明熙帝氣勢驚人,人們常常看了一眼便被他攝人的目光驚住,不敢再看。目光轉入溫回牽著的小孩時,更是驚起一連議論聲。
“這也是晏妹子的小孩?晏妹子生的孩子也太水靈了吧。溫回長得那麼標致,這小的還更好看些,就跟那畫上的仙童一樣。”
“不太像晏妹子生的,這小孩明顯跟更像”說話的人卡殼了一下,不敢提到明熙帝。
“這難道是寡婦的姘頭找上門了?”
“呸呸呸,錢翠花,會不會說話。這位大人要真和晏妹子有關係,還會讓妹子住這破落地?”
“可彆寡婦寡婦了,你們幾個就知道欺負人家晏妹子善良。她來這幾年了,可沒見著和什麼不三不四的人拉扯。”
“可不就是,咱們陛下都讚同立女戶。寡婦怎麼了?一天天吃飽了沒事乾就知道瞎說。”
“這胖娃娃可真俊啊!”
一說起晏承裕長得好,眾人的討論點便不停留在晏思語身上了。
“這娃兒跟這位大人長得真像,那叫一個俊呐!”
“我家崽能有這小娃一份模樣,我嘴都要笑歪了。”
人們感慨幾句,好奇的同時又帶著善意看著小太子。
時間已近黃昏,落日的餘暉撒在牆上,照出一段暖黃。家家戶戶都有自己事要忙活,熱鬨看一陣也就紛紛散去了。
娃兒雖俊,也和他們沒有關係。遇上了就感慨一番,再說了,再俊還能俊得他們大昭的太子?
有不安好心的還大聲嚷了幾句“貴人們,寡婦門前是非多,可彆沾染了惡氣!”
“寡婦就是男人勾搭多了,自家漢子才跑了,兒子才又傻又啞的!”
溫回聽多了這話,自然能分辨出什麼是好話嗎,什麼是賴話。
他忐忑不安地看了眼晏承裕,生怕弟弟誤解了什麼。見弟弟沒表現出不開心,溫回才捏著拳頭,衝那嚼舌根的胖婦人比劃幾下“啊啊啊。”
那胖婦人撇嘴,毫不在意的就端著盤子往裡走。
幾歲啞巴有什麼好怕的。
“大伴,神麼是掛父?”小太子認認真真聽了許久,他皺著眉頭思索了許久,才昂起頭問吳中和。
吳中和並不想回答,這種醃臢話怎麼能進入他們小殿下的耳中呢?
見大伴裝傻充愣,小太子目光又移向明熙帝。
明熙帝也聽了許久的閒話,他目色深沉,麵上看不出什麼表情。但吳中和能感受出來,聖上並不高興。

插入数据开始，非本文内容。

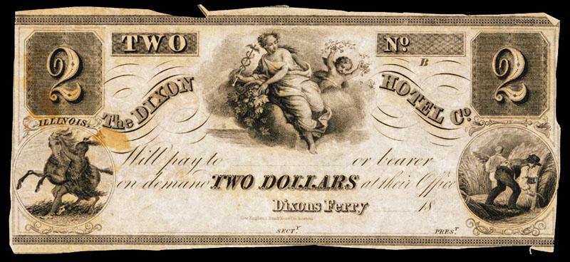 Dixon Hotel Co. Obsolete Banknote.Dixons Ferry, Illinois, 18xx, (ca.1830's), $2, Unlisted in Haxby, Unissued, Black with native American and horse on lower left, reaper lower right and allegorical woman on cloud with cherub, VF condition with small stain on left margin area, NEBNC.

很大可能是剛剛這些人猜測小太子的來曆讓陛下不開心了。
心尖上的寶貝充滿好奇看他,明熙帝沉吟片刻道“就是爹爹不在,母親一個人帶著孩子。”
小太子恍然大悟“哥哥的娘親好膩害!”他又對著那胖婦人道“嬸嬸,你每天都要誇獎哥哥的娘親嗎?”
孩子童言童語響徹整個巷子,聽見的人們發出哄堂大笑。
“管好自己的嘴巴!這話說給小孩聽不害臊嗎?”胖婦人的丈夫從屋裡出來,向一行人略微示意。
胖婦人訥訥無言,麵上一片紅雲升起。
早知道她就不說了,這每天都要啐人兩句。如今被孩子說出來,可真是丟臉!
小太子見嬸嬸不回他,又對著溫回叮囑“哥哥,你也要每天誇嬸嬸掛父哦!”
溫回下意識點頭。
笑聲更大了,隱約能聽見那漢子罵人的聲音,還有胖婦人連聲說不敢。
晏承裕哪知道自己的童言童語殺傷力這麼大。
他看見父皇和哥哥們都笑得很開心,以為自己說話很對。要不是明熙帝不讓他再說,隻怕小家夥還要大聲對著那胖婦人家門,喊嬸嬸寡婦,嬸嬸寡婦呢。
晏思語漿洗完衣服,便眯著眼睛繡花。
她一個女人養小孩,即使有朝廷的幫助,也是很辛苦的。
這麼大的孩子,要吃穿用,哪裡不要銅板呢?
好在她閨閣中學得一手好繡活,這才能賣點錢供他們母子吃用。
慢慢攢著,以後回兒讀書的錢也有了。
她繡花時很認真,要不是聽到連聲的寡婦,晏思語都不會放下手中的繡繃。
她的臉上有些黯然,自己平日除了做工,天天悶在屋子裡繡花。這也要招人閒話嗎?
敲門聲傳來,她不再思索。麵上帶了幾分欣喜,往外迎去。
這個點,恐怕是回兒到家了,也不知道今天玩得開不開心。
吳中和見久敲門不聞人聲,正猶豫著要不要破門而入,讓陛下等在門外,他們哪敢呢。
突然,細碎的腳步聲傳來,溫回眼睛一亮,連忙拉著晏承裕擠到最前頭。
“吱呀——”晏思語一開始門就看著兒子,正想問他開心嗎?就看著他牽著一個胖娃娃。
她一愣,抬眼已看到門口圍著的侍衛和明熙帝。
“您請坐。”也許是太久不與人說話,晏思語麵上十分拘束。
小太子睜著大眼睛,仔仔細細地看了一遍。“哇!父父,這個是泥巴。”他踩踩地麵,又摸了兩下牆。
“哥哥,這個門怎麼是圓圓的?”晏承語麵上帶著大大的疑惑。
溫回有些理解不了他的意思,隻看著弟弟傻笑。
晏承裕見哥哥不回,又在屋子裡跑了兩下,又噔噔地把臟兮兮的小手往父皇身上一擦“父父,窩也要住在這裡。”
明熙帝問“不帶哥哥回去?”
小太子眼裡閃著興奮的光芒“窩都要!”
吳中和見陛下寵孩子沒邊了,忍不住嘴角抽搐。
陛下要是分指甲蓋那麼點的耐心對朝臣,恐怕大臣們都要感恩戴德,痛哭流涕了。
小孩子天真的語言聽得人發笑,晏思語也忍不住目光追逐著小家夥。
她見小孩穿著名貴的月華錦,又看了看端正坐著的明熙帝。“陛下為何貴步臨賤地?”
簡陋的小屋塞進這麼多侍衛已經顯得逼仄,晏思語這句話一出,侍衛們凜然的眼神就看向她。
明熙帝一揚手,示意眾人不必緊張“你如何識得我?”
他的語氣,漫不經心,甚至還有空幫小太子揀去頭上的枯葉。